To determine the viral diagnosis and the outcome of eyes with acute retinal necrosis
(ARN) treated with intravenous acyclovir and oral prednisolone alone or combined with
early vitrectomy and intravitreal acyclovir lavage.
Nonrandomized, retrospective, interventional, comparative, consecutive series.
A cohort of 27 human immunodeficiency virus-negative patients with ARN comprising
24 unilateral and 3 bilateral cases.
Vitreous biopsy for viral diagnosis. Twenty eyes were treated with intravenous acyclovir
in combination with oral prednisolone (group A). Ten eyes were treated additionally
with early vitrectomy, intravitreal acyclovir lavage, laser demarcation of necrotic
retinal areas when feasible-with or without scleral buckling, and gas or silicone
oil tamponade (group B). Vitrectomy was performed in all cases of secondary rhegmatogenous
retinal detachment (RD).
Results of vitreous biopsy, rate of RD, rate of phthisis bulbi, and course of best-corrected
visual acuity (BCVA).
Varicella zoster virus (VZV) was detected in 26 eyes, followed by herpes simplex virus
(5 eyes), and Epstein-Barr virus (2 eyes, in conjunction with VZV). An RD developed
in more eyes in group A (18 of 20 eyes) than in group B (4 of 10 eyes; P = 0.007).

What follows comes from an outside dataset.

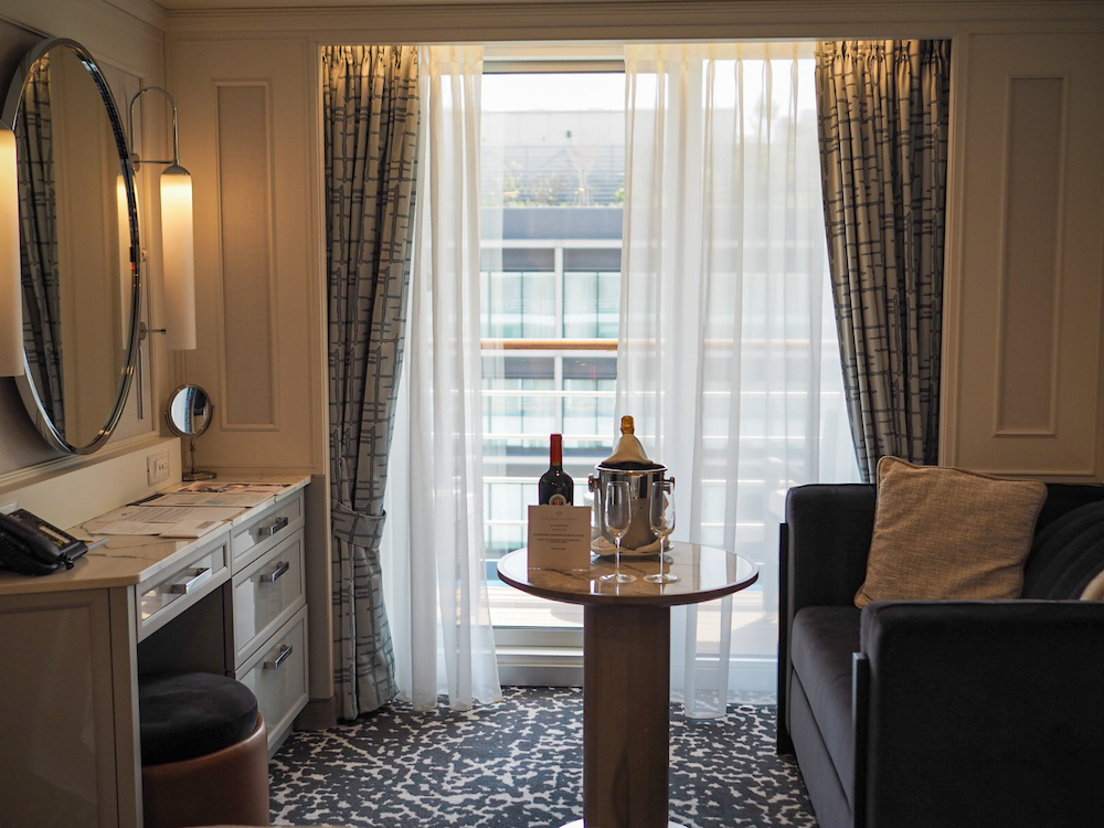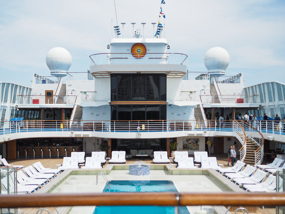 日本の飛鳥Ⅱよりもひとまわり大きいサイズで、前回私が乗ったカジュアル船ロイヤル・カリビアンのスペクトラム・オブ・ザ・シーズの約17万tの船よりもかなり小ぶりになっています。

In 2 of 20 eyes in group A and in 0 of 10 eyes in group B, phthisis bulbi developed
without a significant difference between groups A and B. Mean BCVA (logarithm of the
minimum angle of resolution) at first visit was 1.09 (standard deviation [SD], 0.83),
and mean final BCVA was 1.46 (SD, 0.88) without significant difference between groups
A and B.
Varicella zoster virus is the leading cause of ARN. Visual prognosis is guarded. Early
vitrectomy with intravitreal acyclovir lavage was associated with a lower incidence
of secondary RD; however, it did not improve mean final visual acuity.